Raw data

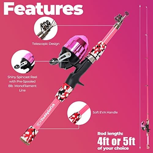 DaddyGoFish Kids Fishing Pole - Rod Reel Combo Starter Set, 5Ft (Older Kids, Pink)
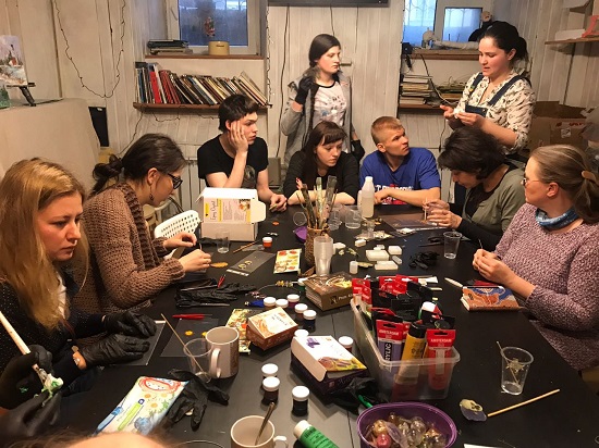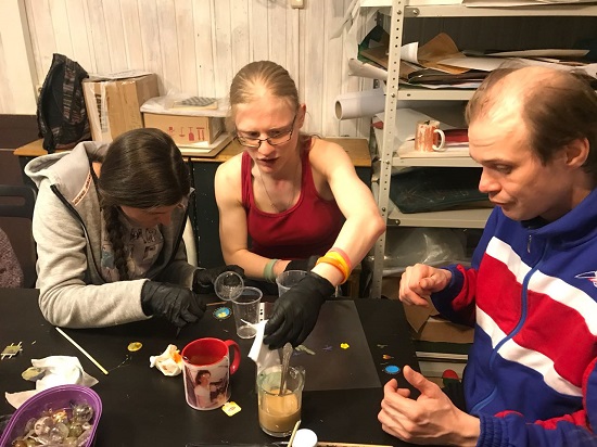Художница Валентина Фаттахова провела для нас мастер-класс по изготовлению украшений из эпоксидной смолы. Заливали смолой засушенные цветы и листья, а в перспективе, как рассказала Валентина, заливать можно что угодно! Процесс выглядел волшебно, а желающих попробовать всё прибывало.
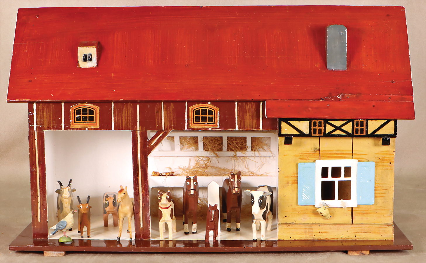 Puppenstuben-Bauernhof, B: 47,5 cm, 27 cm hoch, Bemalung später, ERZGEBIRGE Tiere, Zubehör
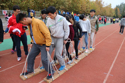 为积极响应我院2015年体育节号召,激发广大同学们参加活动、锻炼身体的热情,知行书院于11月12日在学院运动场举办2015级新生趣味运动会。 本届趣味运动会一共包括9个项目:两人三足、巨人脚步、仙人指路、赶猪跑、不倒森林、足球九宫格、速度跳绳、百米飞人、平板支撑。同学们在各个项目中表现积极,现场气氛活跃。最终,应用化工2015级6班、应用化工2015级2班、生物制药2015级2班分获团体总分前三名。
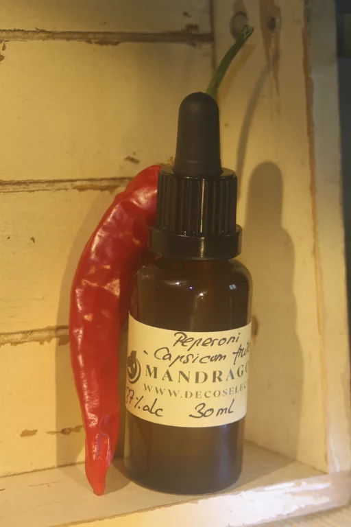 Für Muskeln / Verspannungen: 5–10 Tropfen Chili-Tinktur in 1–2 TL Öl (Olive, Sesam, Johanniskrautöl), sanft einreiben

Instructions for the task
Restate the entries above word for word, keeping pictures out of the copy.

Response area
 DaddyGoFish Kids Fishing Pole - Rod Reel Combo Starter Set, 5Ft (Older Kids, Pink)
Художница Валентина Фаттахова провела для нас мастер-класс по изготовлению украшений из эпоксидной смолы. Заливали смолой засушенные цветы и листья, а в перспективе, как рассказала Валентина, заливать можно что угодно! Процесс выглядел волшебно, а желающих попробовать всё прибывало.
 Puppenstuben-Bauernhof, B: 47,5 cm, 27 cm hoch, Bemalung später, ERZGEBIRGE Tiere, Zubehör
 为积极响应我院2015年体育节号召,激发广大同学们参加活动、锻炼身体的热情,知行书院于11月12日在学院运动场举办2015级新生趣味运动会。 本届趣味运动会一共包括9个项目:两人三足、巨人脚步、仙人指路、赶猪跑、不倒森林、足球九宫格、速度跳绳、百米飞人、平板支撑。同学们在各个项目中表现积极,现场气氛活跃。最终,应用化工2015级6班、应用化工2015级2班、生物制药2015级2班分获团体总分前三名。
 Für Muskeln / Verspannungen: 5–10 Tropfen Chili-Tinktur in 1–2 TL Öl (Olive, Sesam, Johanniskrautöl), sanft einreiben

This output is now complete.